- [What you need to do]:
Copy each record below exactly, please, and leave its pictures out.

:: Data to examine ::

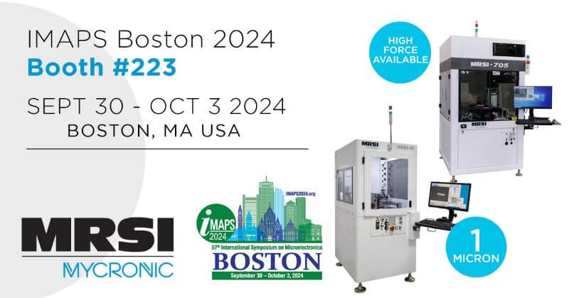 The exhibition floor will host over 90 booths, with companies from various segments of the microelectronics industry including Aerospace, Automotive, Computing, Industrial, Military, and Telecom/Datacom. Register for a Free Exhibitor Hall Visitor pass. Be sure to visit the MRSI’s Booth (#223) to learn about our latest product innovations including our active alignment solutions.
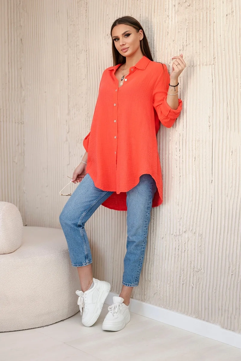 The oversized cotton muslin shirt is the perfect choice for women who value comfort and style. Made of airy, breathable muslin, it provides maximum comfort, especially on warmer days. Its oversized cut makes it incredibly versatile - you can wear it loosely, tied with a belt or as a light wrap. The shirt goes perfectly with both jeans and elegant trousers or a skirt, so it will work in many styles - from everyday to more sophisticated. The delicate structure of the muslin gives it subtle elegance, and natural cotton allows the skin to breathe. It is a must-have in every wardrobe - classic, comfortable and timeless. Perfect for any season. The size is universal and will be suitable for women wearing size S, M or L.
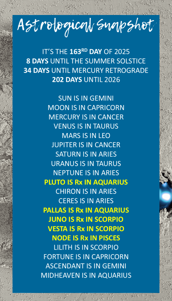 ♊ Today, the Sun continues its journey through agile Gemini at 21°41′, illuminating our minds with curiosity and a desire for connection and understanding. This emphasis on communication and information exchange is further heightened by Mercury, the planet of thought, now in nurturing Cancer at 6°46′. This alignment encourages a more emotionally intuitive approach to how we process and convey information, urging us to speak from the heart and listen with empathy. ❤️
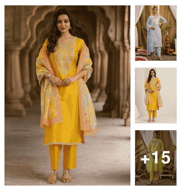 women solid with work three quarter sleeve kurta pant with dupatta set
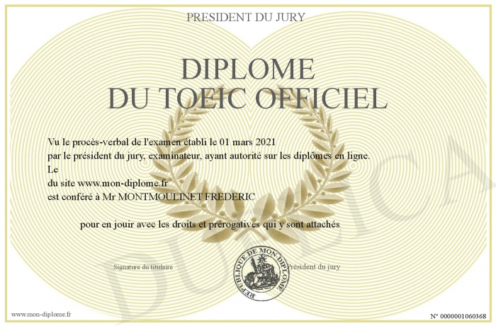 Envoyez par email votre Diplôme du TOEIC officiel personalisé
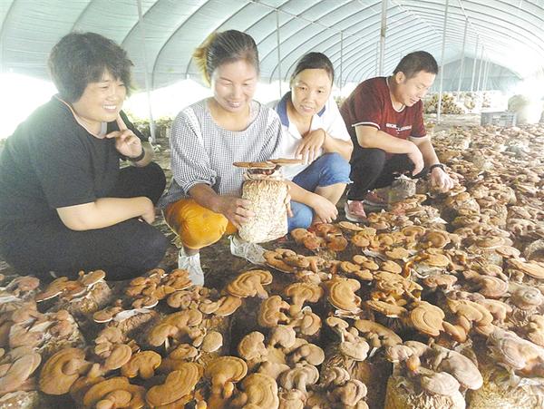 9月15日,商水县黄寨镇杨营村“蘑菇王”杨秀丽(左二),在扶贫产业园向种植户传授灵芝管理技术。近年来,黄寨镇采用“合作社+基地+贫困户”的模式,集种植、加工、销售为一体,加快推进食用菌全产业链开发,带动300多人实现脱贫致富。 乔连军 摄
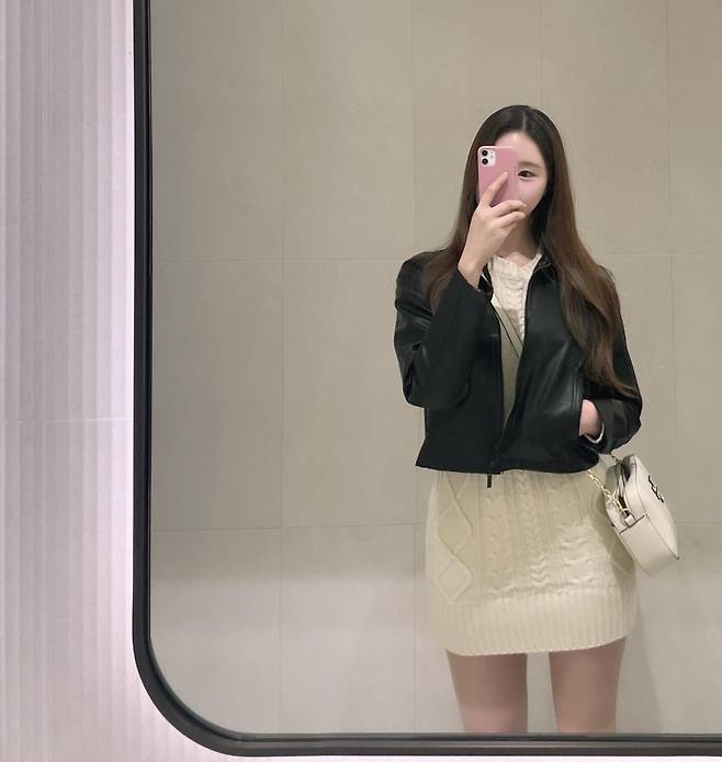 기본 니트 미니 원피스 위에 가죽 자켓으로 평범한 데일리 코디지만
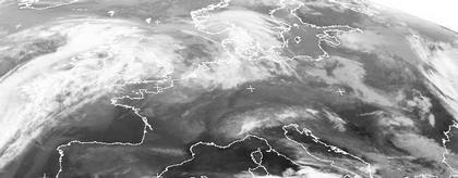 Während das Hoch 'Sandra' für viel Sonnenschein in weiten Teilen Mittel- und Osteuropas sorgt, bringt das Atlantiktief 'Nick' Regenwolken nach Nordwesten. Auf dem Satellitenbild vom Donnerstagmorgen erstreckt sich die Warmfront des Tiefs von Schottland bis nach Südskandinavien und Norddeutschland, seine Kaltfront liegt über Irland und dem östlichen Atlantik, in der Nacht zu Samstag wird sie auch in Deutschland erwartet und kann kräftigen und gewittrigen Regen bringen. Einzelne Haufenwolken sind sich über dem Balkan und den Alpen zu erkennen, hier entwickeln sich lokale Wärmegewitter.
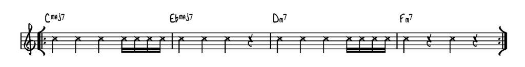 16´dele er 4 lige lange toner afviklet på 1/4 – eller på 2 lige 1/8
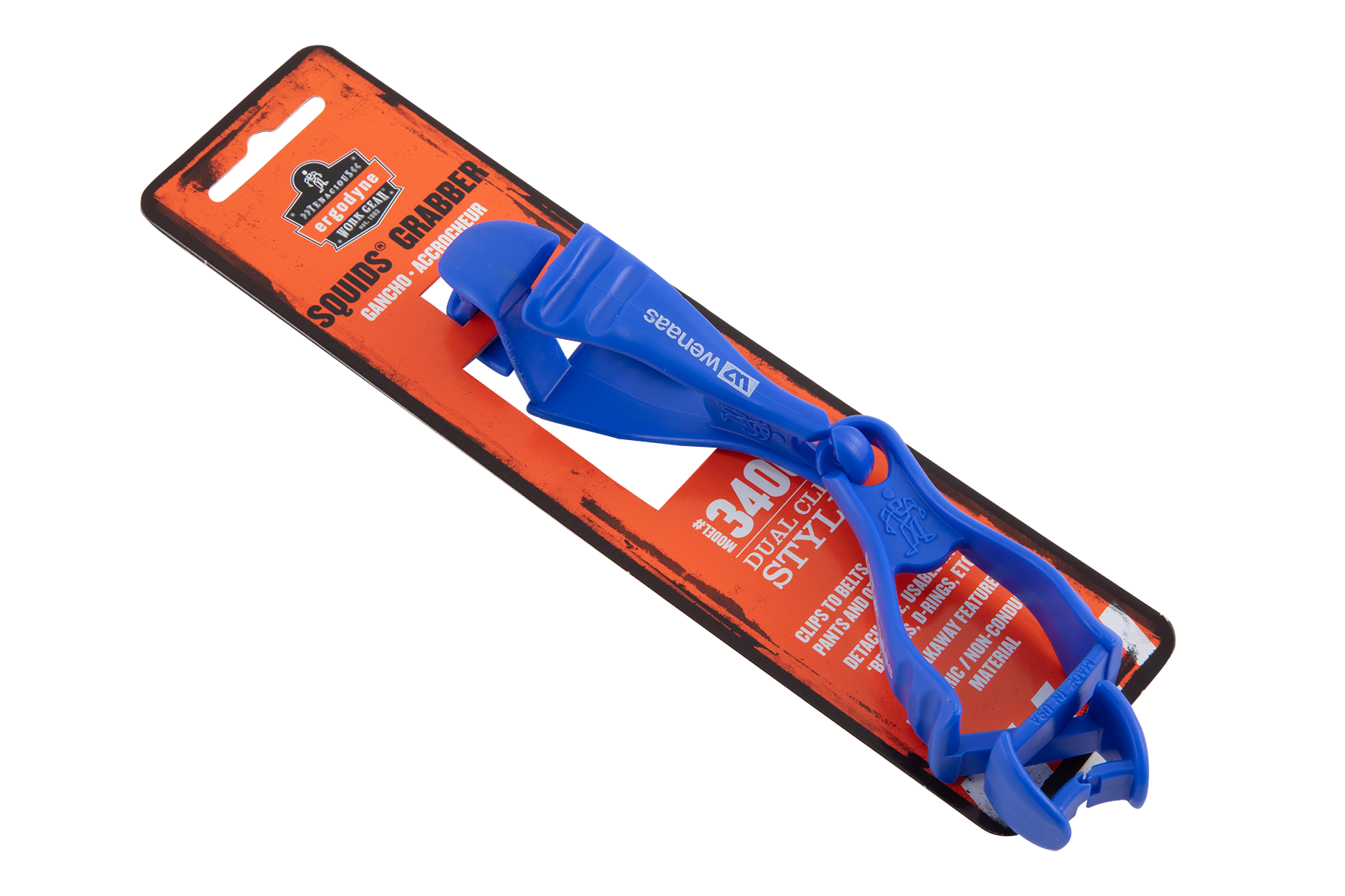 Handskehållare Squids® 3400 håller handskarna säkert på plats genom att klämma fast dem på ett plagg, en D-ring eller annan tillgänglig punkt. Den har ett starkt grepp och en säkerhetsfunktion som gör att den släpper vid nödsituationer för att undvika fastklämning. Den kan sättas ihop igen och återanvändas. Mångsidig dubbelklämma som kan användas som en enhet eller i två delar. Kan även användas till nycklar, handdukar m.m. Brottstyrka: 18 kg.

:::

- [Response for this exercise]:
 The exhibition floor will host over 90 booths, with companies from various segments of the microelectronics industry including Aerospace, Automotive, Computing, Industrial, Military, and Telecom/Datacom. Register for a Free Exhibitor Hall Visitor pass. Be sure to visit the MRSI’s Booth (#223) to learn about our latest product innovations including our active alignment solutions.
 The oversized cotton muslin shirt is the perfect choice for women who value comfort and style. Made of airy, breathable muslin, it provides maximum comfort, especially on warmer days. Its oversized cut makes it incredibly versatile - you can wear it loosely, tied with a belt or as a light wrap. The shirt goes perfectly with both jeans and elegant trousers or a skirt, so it will work in many styles - from everyday to more sophisticated. The delicate structure of the muslin gives it subtle elegance, and natural cotton allows the skin to breathe. It is a must-have in every wardrobe - classic, comfortable and timeless. Perfect for any season. The size is universal and will be suitable for women wearing size S, M or L.
 ♊ Today, the Sun continues its journey through agile Gemini at 21°41′, illuminating our minds with curiosity and a desire for connection and understanding. This emphasis on communication and information exchange is further heightened by Mercury, the planet of thought, now in nurturing Cancer at 6°46′. This alignment encourages a more emotionally intuitive approach to how we process and convey information, urging us to speak from the heart and listen with empathy. ❤️
 women solid with work three quarter sleeve kurta pant with dupatta set
 Envoyez par email votre Diplôme du TOEIC officiel personalisé
 9月15日,商水县黄寨镇杨营村“蘑菇王”杨秀丽(左二),在扶贫产业园向种植户传授灵芝管理技术。近年来,黄寨镇采用“合作社+基地+贫困户”的模式,集种植、加工、销售为一体,加快推进食用菌全产业链开发,带动300多人实现脱贫致富。 乔连军 摄
 기본 니트 미니 원피스 위에 가죽 자켓으로 평범한 데일리 코디지만
 Während das Hoch 'Sandra' für viel Sonnenschein in weiten Teilen Mittel- und Osteuropas sorgt, bringt das Atlantiktief 'Nick' Regenwolken nach Nordwesten. Auf dem Satellitenbild vom Donnerstagmorgen erstreckt sich die Warmfront des Tiefs von Schottland bis nach Südskandinavien und Norddeutschland, seine Kaltfront liegt über Irland und dem östlichen Atlantik, in der Nacht zu Samstag wird sie auch in Deutschland erwartet und kann kräftigen und gewittrigen Regen bringen. Einzelne Haufenwolken sind sich über dem Balkan und den Alpen zu erkennen, hier entwickeln sich lokale Wärmegewitter.
 16´dele er 4 lige lange toner afviklet på 1/4 – eller på 2 lige 1/8
 Handskehållare Squids® 3400 håller handskarna säkert på plats genom att klämma fast dem på ett plagg, en D-ring eller annan tillgänglig punkt. Den har ett starkt grepp och en säkerhetsfunktion som gör att den släpper vid nödsituationer för att undvika fastklämning. Den kan sättas ihop igen och återanvändas. Mångsidig dubbelklämma som kan användas som en enhet eller i två delar. Kan även användas till nycklar, handdukar m.m. Brottstyrka: 18 kg.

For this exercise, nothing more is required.